Anger is an important clinical feature of posttraumatic stress disorder (PTSD) that can hamper recovery. We recently reported that intermittent theta burst stimulation (iTBS) demonstrated preliminary efficacy to reduce symptoms of posttraumatic stress disorder and major depression; here, we performed a secondary analysis testing whether iTBS reduced symptoms of anger over the course of iTBS treatment and compared to sham stimulation.

MATERIALS AND METHODS

Fifty veterans with chronic PTSD received ten daily sessions of sham-controlled, double-blind iTBS (1800 pulses/session, once per weekday) targeting the right dorsolateral prefrontal cortex (intent-to-treat = 25 per group). Participants who completed the double-blind phase were offered another ten sessions of unblinded iTBS. Participants completed the Dimensions of Anger Reactions scale at pre-iTBS baseline, treatment midpoints, and endpoints of the blinded and unblinded phases, and at one-month after the last stimulation session.

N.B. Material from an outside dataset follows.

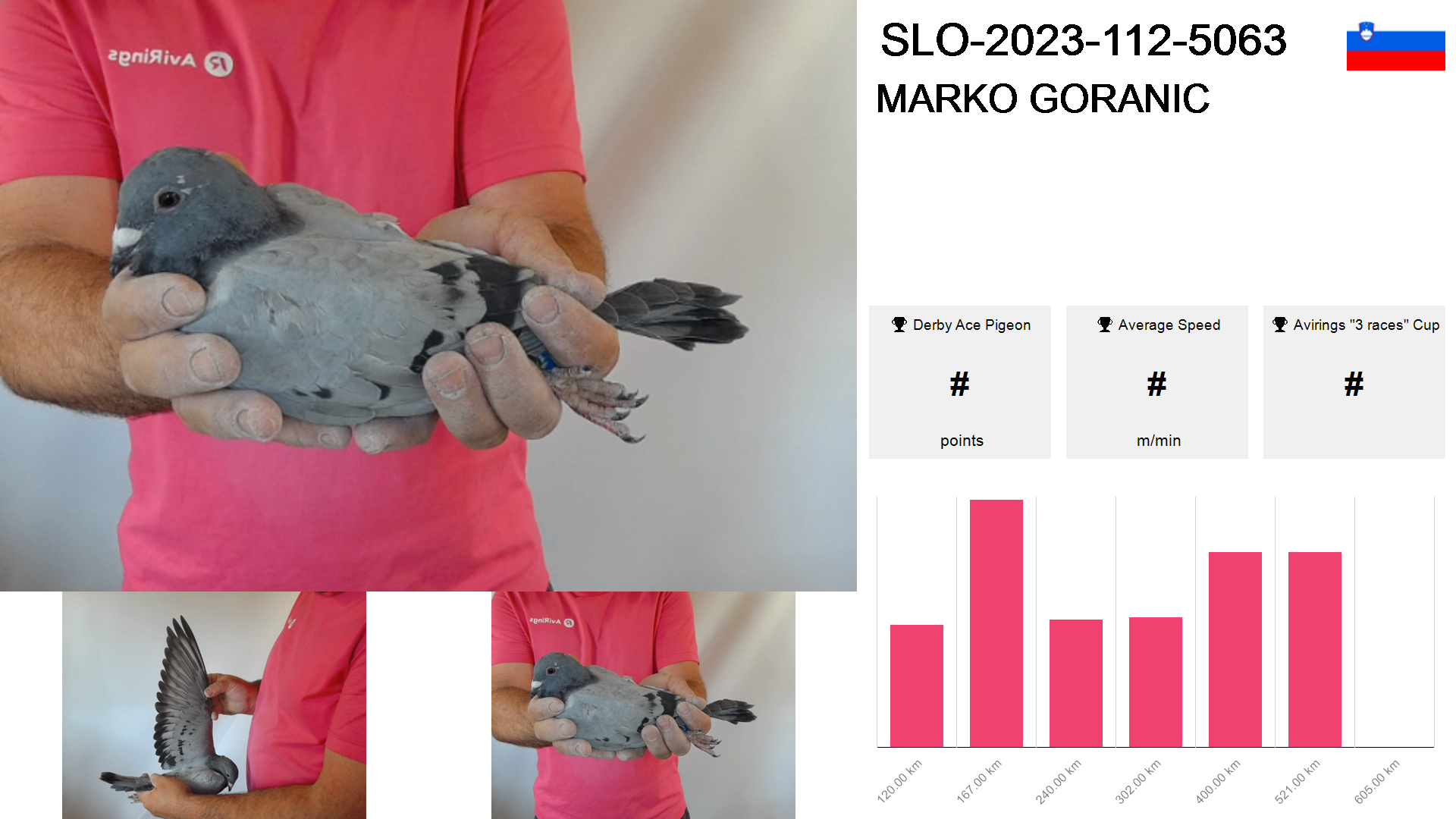 | Race | Position | Number of pigeons | Percent | Speed | Distance |

Correlations between anger, PTSD, depression, and sleep were also explored.

RESULTS

After the first week, during the double-blind phase, participants randomized to active stimulation reported significantly reduced anger compared to sham stimulation (p = 0.04). Participants initially randomized to sham appeared to catch-up to the point they no longer differed from those initially randomized to active iTBS when they received iTBS during the unblinded phase (p = 0.14). Anger reduction was maintained at one-month after iTBS in participants initially randomized to active stimulation (i.e., total of four weeks of iTBS).

CONCLUSIONS

This secondary analysis suggests that iTBS might reduce anger in veterans with PTSD. Future studies focused on more granular level anger outcomes and effects of number of stimulation sessions are needed.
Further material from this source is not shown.